→ Source data

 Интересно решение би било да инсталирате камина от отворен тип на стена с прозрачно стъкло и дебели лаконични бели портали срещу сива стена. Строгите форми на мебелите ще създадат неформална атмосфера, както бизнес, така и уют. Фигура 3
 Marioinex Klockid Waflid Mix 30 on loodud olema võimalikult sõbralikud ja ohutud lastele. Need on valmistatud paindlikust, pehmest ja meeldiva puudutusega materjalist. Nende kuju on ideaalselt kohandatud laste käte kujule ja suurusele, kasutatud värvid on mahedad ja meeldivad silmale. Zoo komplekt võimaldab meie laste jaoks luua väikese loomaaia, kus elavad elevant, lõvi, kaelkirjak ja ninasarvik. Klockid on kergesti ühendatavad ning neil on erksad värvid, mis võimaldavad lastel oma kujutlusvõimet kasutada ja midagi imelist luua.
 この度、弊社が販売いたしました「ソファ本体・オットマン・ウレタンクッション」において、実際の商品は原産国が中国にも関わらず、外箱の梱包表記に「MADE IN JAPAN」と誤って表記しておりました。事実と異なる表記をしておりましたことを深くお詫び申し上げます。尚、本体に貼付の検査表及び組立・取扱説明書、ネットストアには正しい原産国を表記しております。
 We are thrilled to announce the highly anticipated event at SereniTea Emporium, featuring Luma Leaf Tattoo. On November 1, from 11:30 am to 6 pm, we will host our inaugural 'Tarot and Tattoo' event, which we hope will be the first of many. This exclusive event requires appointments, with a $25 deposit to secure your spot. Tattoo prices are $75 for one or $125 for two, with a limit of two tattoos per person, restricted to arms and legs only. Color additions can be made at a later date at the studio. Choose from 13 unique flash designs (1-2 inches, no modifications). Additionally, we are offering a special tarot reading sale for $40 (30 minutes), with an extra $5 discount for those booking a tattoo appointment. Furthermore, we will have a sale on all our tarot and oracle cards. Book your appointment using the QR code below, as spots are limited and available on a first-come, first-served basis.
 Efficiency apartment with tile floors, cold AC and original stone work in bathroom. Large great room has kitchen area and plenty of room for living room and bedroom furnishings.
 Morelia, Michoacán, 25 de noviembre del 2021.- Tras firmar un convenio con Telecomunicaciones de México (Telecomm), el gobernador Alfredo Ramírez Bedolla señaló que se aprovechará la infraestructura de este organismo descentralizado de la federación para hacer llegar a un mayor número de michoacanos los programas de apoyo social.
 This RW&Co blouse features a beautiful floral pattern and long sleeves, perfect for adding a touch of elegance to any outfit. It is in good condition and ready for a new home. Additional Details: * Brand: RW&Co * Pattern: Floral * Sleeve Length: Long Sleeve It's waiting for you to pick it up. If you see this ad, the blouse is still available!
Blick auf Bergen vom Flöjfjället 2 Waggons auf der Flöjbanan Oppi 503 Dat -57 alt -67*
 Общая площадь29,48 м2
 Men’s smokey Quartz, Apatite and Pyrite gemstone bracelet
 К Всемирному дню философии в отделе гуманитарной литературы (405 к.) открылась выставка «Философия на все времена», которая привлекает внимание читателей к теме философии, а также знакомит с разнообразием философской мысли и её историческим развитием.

→ Problem requirements
Output the entire listing exactly, including each line.

→ Task output
 Интересно решение би било да инсталирате камина от отворен тип на стена с прозрачно стъкло и дебели лаконични бели портали срещу сива стена. Строгите форми на мебелите ще създадат неформална атмосфера, както бизнес, така и уют. Фигура 3
 Marioinex Klockid Waflid Mix 30 on loodud olema võimalikult sõbralikud ja ohutud lastele. Need on valmistatud paindlikust, pehmest ja meeldiva puudutusega materjalist. Nende kuju on ideaalselt kohandatud laste käte kujule ja suurusele, kasutatud värvid on mahedad ja meeldivad silmale. Zoo komplekt võimaldab meie laste jaoks luua väikese loomaaia, kus elavad elevant, lõvi, kaelkirjak ja ninasarvik. Klockid on kergesti ühendatavad ning neil on erksad värvid, mis võimaldavad lastel oma kujutlusvõimet kasutada ja midagi imelist luua.
 この度、弊社が販売いたしました「ソファ本体・オットマン・ウレタンクッション」において、実際の商品は原産国が中国にも関わらず、外箱の梱包表記に「MADE IN JAPAN」と誤って表記しておりました。事実と異なる表記をしておりましたことを深くお詫び申し上げます。尚、本体に貼付の検査表及び組立・取扱説明書、ネットストアには正しい原産国を表記しております。
 We are thrilled to announce the highly anticipated event at SereniTea Emporium, featuring Luma Leaf Tattoo. On November 1, from 11:30 am to 6 pm, we will host our inaugural 'Tarot and Tattoo' event, which we hope will be the first of many. This exclusive event requires appointments, with a $25 deposit to secure your spot. Tattoo prices are $75 for one or $125 for two, with a limit of two tattoos per person, restricted to arms and legs only. Color additions can be made at a later date at the studio. Choose from 13 unique flash designs (1-2 inches, no modifications). Additionally, we are offering a special tarot reading sale for $40 (30 minutes), with an extra $5 discount for those booking a tattoo appointment. Furthermore, we will have a sale on all our tarot and oracle cards. Book your appointment using the QR code below, as spots are limited and available on a first-come, first-served basis.
 Efficiency apartment with tile floors, cold AC and original stone work in bathroom. Large great room has kitchen area and plenty of room for living room and bedroom furnishings.
 Morelia, Michoacán, 25 de noviembre del 2021.- Tras firmar un convenio con Telecomunicaciones de México (Telecomm), el gobernador Alfredo Ramírez Bedolla señaló que se aprovechará la infraestructura de este organismo descentralizado de la federación para hacer llegar a un mayor número de michoacanos los programas de apoyo social.
 This RW&Co blouse features a beautiful floral pattern and long sleeves, perfect for adding a touch of elegance to any outfit. It is in good condition and ready for a new home. Additional Details: * Brand: RW&Co * Pattern: Floral * Sleeve Length: Long Sleeve It's waiting for you to pick it up. If you see this ad, the blouse is still available!
Blick auf Bergen vom Flöjfjället 2 Waggons auf der Flöjbanan Oppi 503 Dat -57 alt -67*
 Общая площадь29,48 м2
 Men’s smokey Quartz, Apatite and Pyrite gemstone bracelet
 К Всемирному дню философии в отделе гуманитарной литературы (405 к.) открылась выставка «Философия на все времена», которая привлекает внимание читателей к теме философии, а также знакомит с разнообразием философской мысли и её историческим развитием.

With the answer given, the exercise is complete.